Good Book Club: John 5:1-18
A reflection by the Very Rev. Kristina Maulden, from the Cathedral of St. John in Albuquerque, New Mexico:
Jesus encounters a man lying by the pool of Siloam, unable to reach the purported healing waters. He has been unable to walk for 38 years. Jesus asks, “Do you want to get well?” Does he? Do we? Do we truly desire to get well? There is living water just outside of our grasp, it seems. Hope, reconciliation, forgiveness are all at hand. The streams of living water promise healing for the whole person. Those words echo through the centuries: Do you want to get well? The man beside the water tells Jesus that he has no one to help him. He was hindered by a physical barrier –his own body and by peoples’ indifference.
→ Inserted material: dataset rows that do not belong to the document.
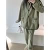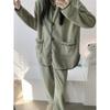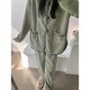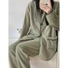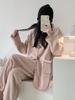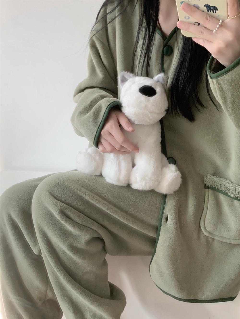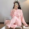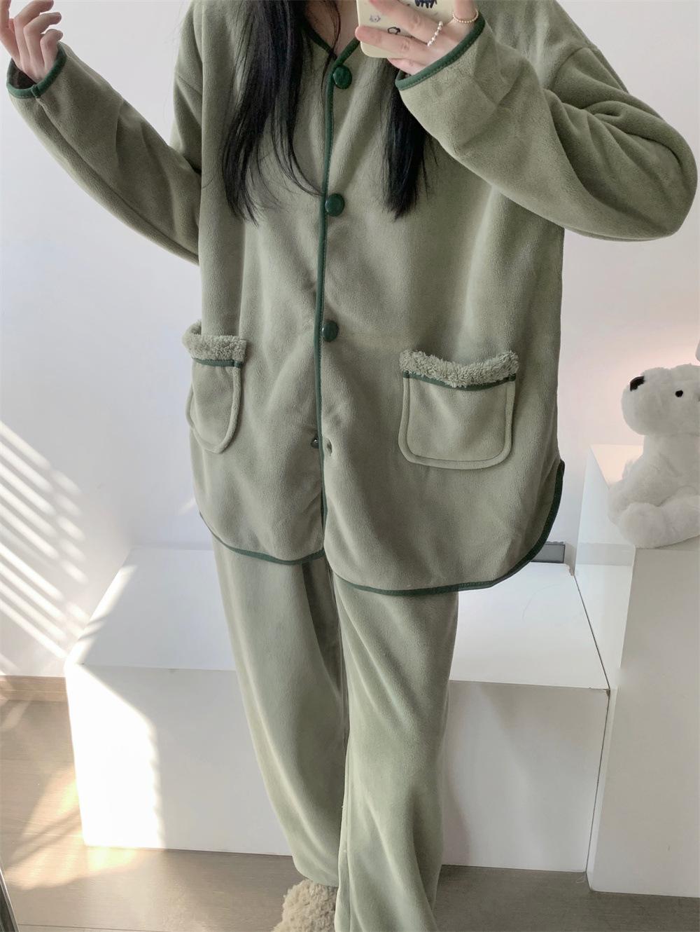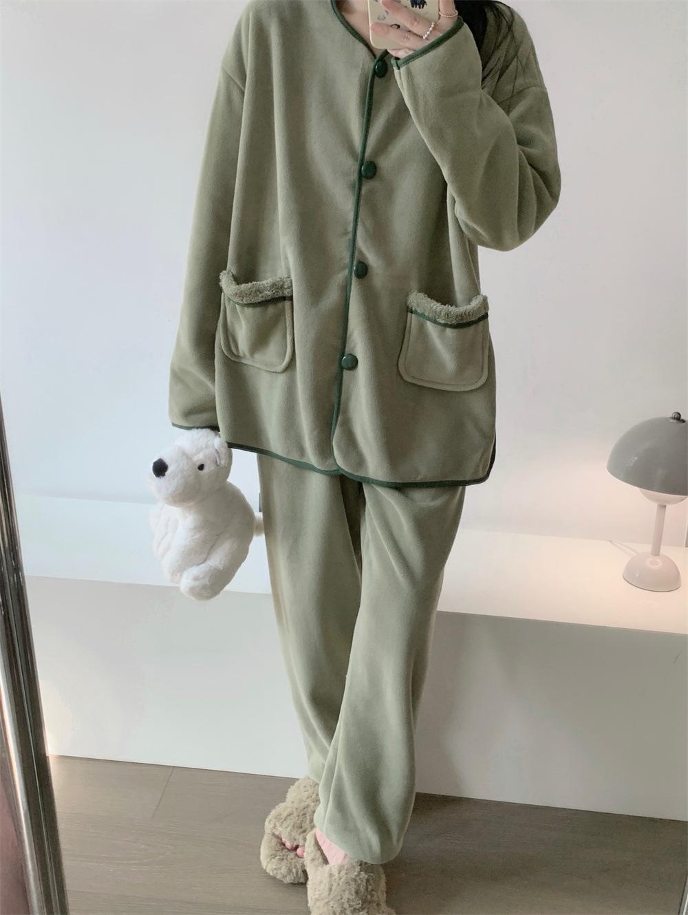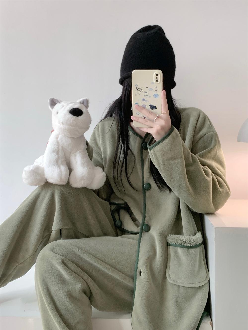 Pijama de Forro Polar Coral de Color Sólido de Alta Gama para Niña de Estilo Coreano para Otoño/Invierno, Conjunto de Ropa de Casa Cálido Grueso con Terciopelo Adicional para Mujer
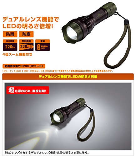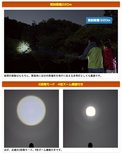 防塵防水仕様のハンディライトになりますので、悪天候時のアウトドアシーンや埃の舞う環境下でも安心して活用する事が出来ます。照射距離220mと遠方までしっかりと明かりを照らす事が出来ますので、緊急時に自分の存在を知らせる非常灯としても活躍してくれます。
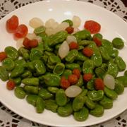 新鲜蚕豆、藠头、珍珠梅、香叶、花椒、干辣椒、盐、糖、小磨麻油。
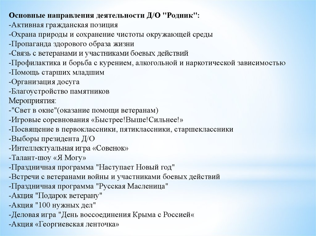 Основные направления деятельности Д/О "Родник":-Активная гражданская позиция

Or maybe it was pride that kept him from asking for help. What is it that hinders us? We offer our own deeply felt and but crippling excuses. It may be anger or a history of feeling neglected or disbelief that anything can change that builds a wall between us and wholeness. Sometimes our minds are fettered by thoughts of inadequacy, hopelessness, and distrust. Our souls may be aching in the darkness, afraid of the light, of peace, and of God. When we are called out and told to walk, we risk losing the comfort of the way it has always been. But, if we dare, what comes next by the power of the Spirit, will carry us to places of peace, joy and unquenchable love.